**REQUIREMENT**
Among the entries that follow, locate the line with "3️⃣ ✨ 청년들의 꿈! 청년내일저축계좌 (연령/소득에 따라 지원금 차이)" and the line with "Generální a průběžné". Output those lines and all lines in between, exactly, minus the pictures.

**DATA FOR REVIEW**
>>>>

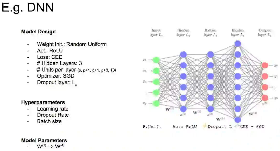 我们可能会同意学习率和 Dropout 率是超参数,但模型设计变量呢?模型设计变量包括嵌入,层数,激活函数等。我们应该将这些变量视为超参数吗?
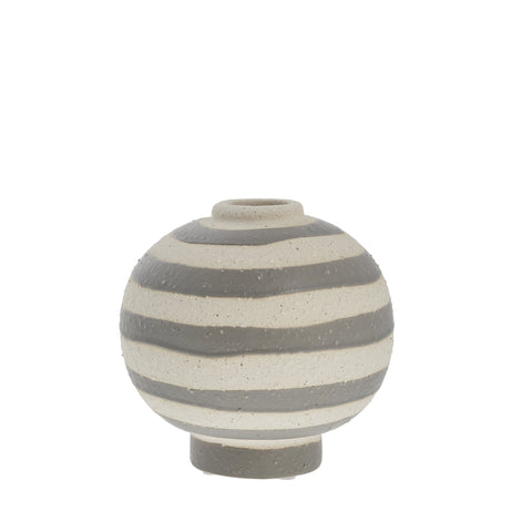 Denne smukke vase har gennemgået en lang fremstillingsproces, for at sikre, at de lever op til det rigtige design og Lene Bjerres standarder. Vasen er belagt med transparant glasur, hvorefter striberne er håndmalet af dygtige kunsthåndværkere.
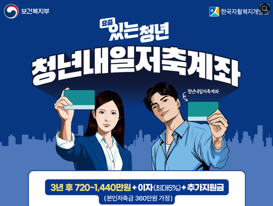 3️⃣ ✨ 청년들의 꿈! 청년내일저축계좌 (연령/소득에 따라 지원금 차이)
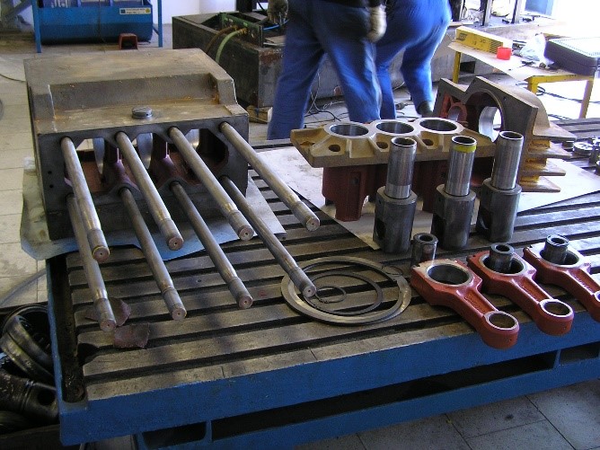 Generální a průběžné opravy a dodávky náhradních a repasovaných náhradních dílů pro všechna vysokotlaká plunžrová čerpadla různých výrobců určená k zatlačování ložiskové vody do ropných vrtů. Cílem zatlačování je zvýšení přítoku zbytkové ropy v ložisku. V rámci druhotné metody těžby se zatlačuje do vrtu ložisková voda, tato metody zvýšuje výtěžitelnost na 50-60%. Poté se přechází k terciérním metodám těžby ropy, např. k čerpání a zatláčení vody s polymery či jinými chemicky aktivními látkami.
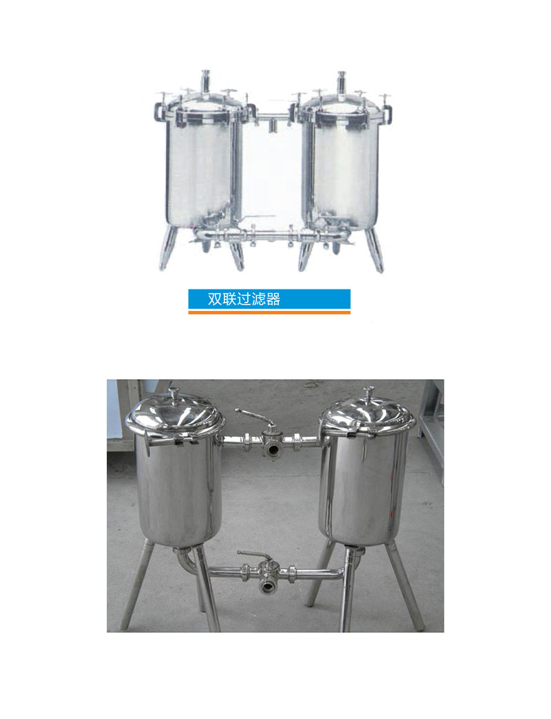 雙聯(lián)式過(guò)濾器全部采用SUA304優(yōu)質(zhì)不銹鋼制造,是二只圓柱體組成,內(nèi)外表面拋光0.4μm,頂部裝有壓力表、排氣閥,適用于除去鮮奶、糖液、飲料、口服液等液體中各種肉眼看不見(jiàn)的固體雜質(zhì)的凈化。兩只過(guò)濾器交替適用,可在不停機(jī)的情況下更換過(guò)濾網(wǎng),適于長(zhǎng)期連續(xù)生產(chǎn)。
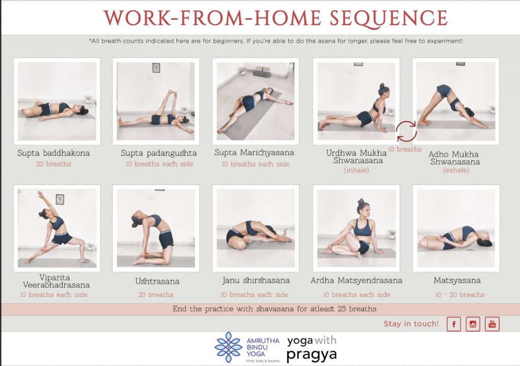 I’m doing this challenge in collaboration with Medha Bhaskar from Amrutha Bindu Yoga. Our last challenge was a huge success and we decided to make this one bigger and better. This time we’ve curated a “Work-from-Home” Yoga sequence that will help to loosen your joints, free your back and minimize your discomfort throughout the day, making it easier for you to focus on work. This sequence, in particular, works entirely on keeping your spine supple and ready and your mind, sharp.
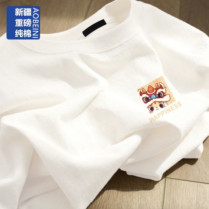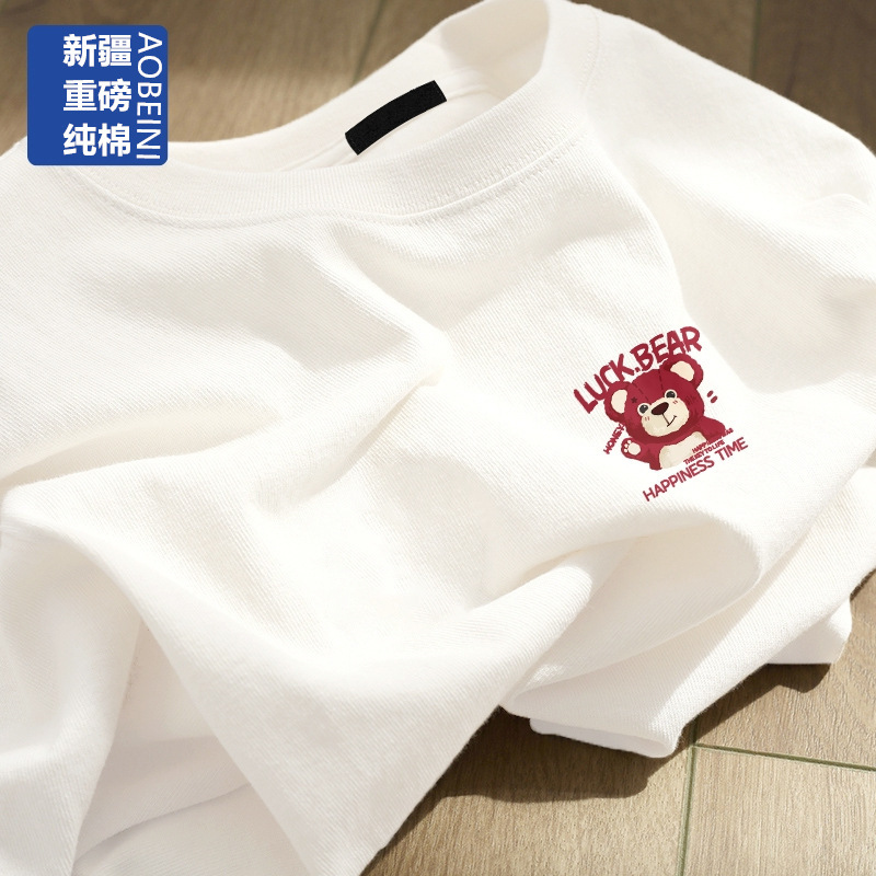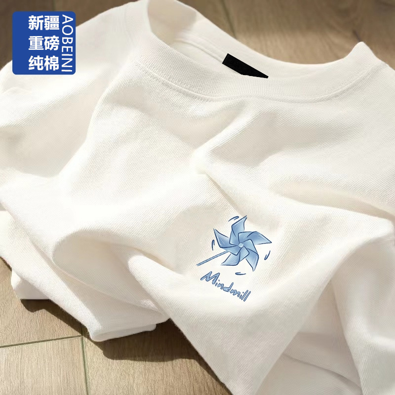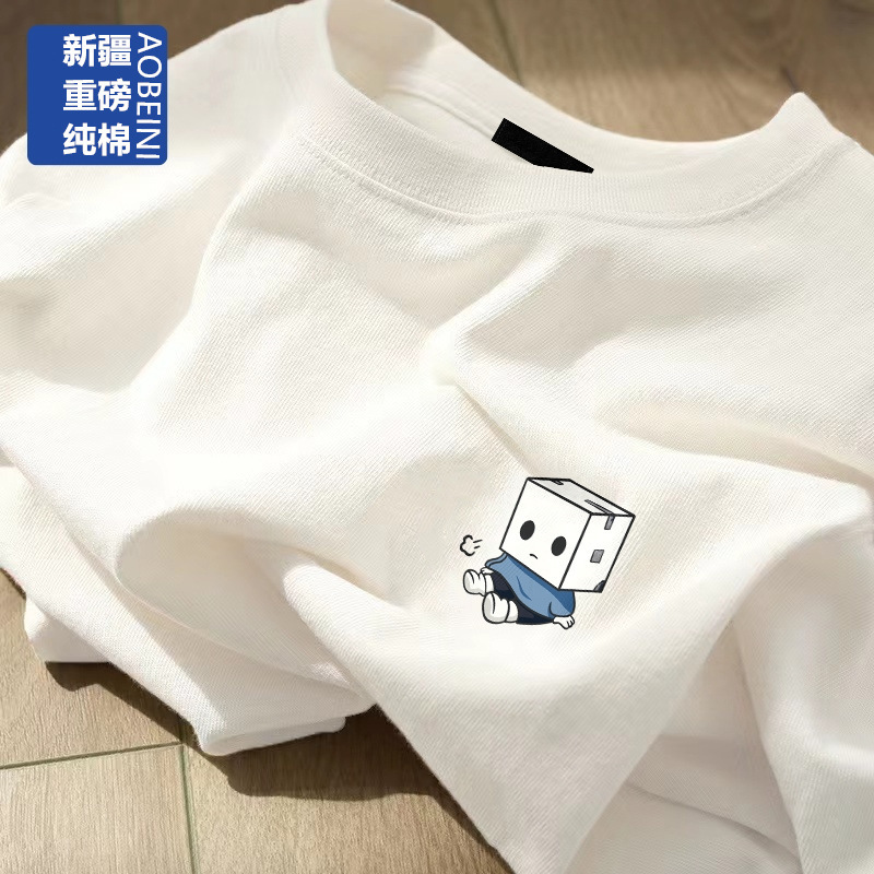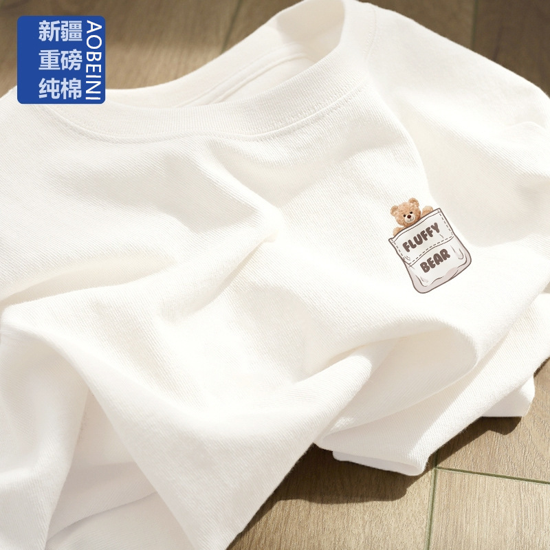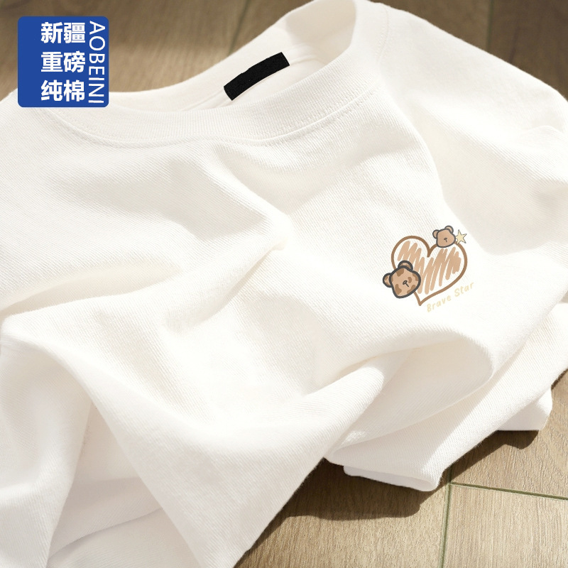 여성용 헤비 화이트 반팔 티셔츠 2025 남성과 여성을위한 새로운 스타일 슬리밍 대형 순수 코튼 바닥 반팔 탑 인스토어 가기

<<<<

**TASK OUTPUT**
 3️⃣ ✨ 청년들의 꿈! 청년내일저축계좌 (연령/소득에 따라 지원금 차이)
 Generální a průběžné opravy a dodávky náhradních a repasovaných náhradních dílů pro všechna vysokotlaká plunžrová čerpadla různých výrobců určená k zatlačování ložiskové vody do ropných vrtů. Cílem zatlačování je zvýšení přítoku zbytkové ropy v ložisku. V rámci druhotné metody těžby se zatlačuje do vrtu ložisková voda, tato metody zvýšuje výtěžitelnost na 50-60%. Poté se přechází k terciérním metodám těžby ropy, např. k čerpání a zatláčení vody s polymery či jinými chemicky aktivními látkami.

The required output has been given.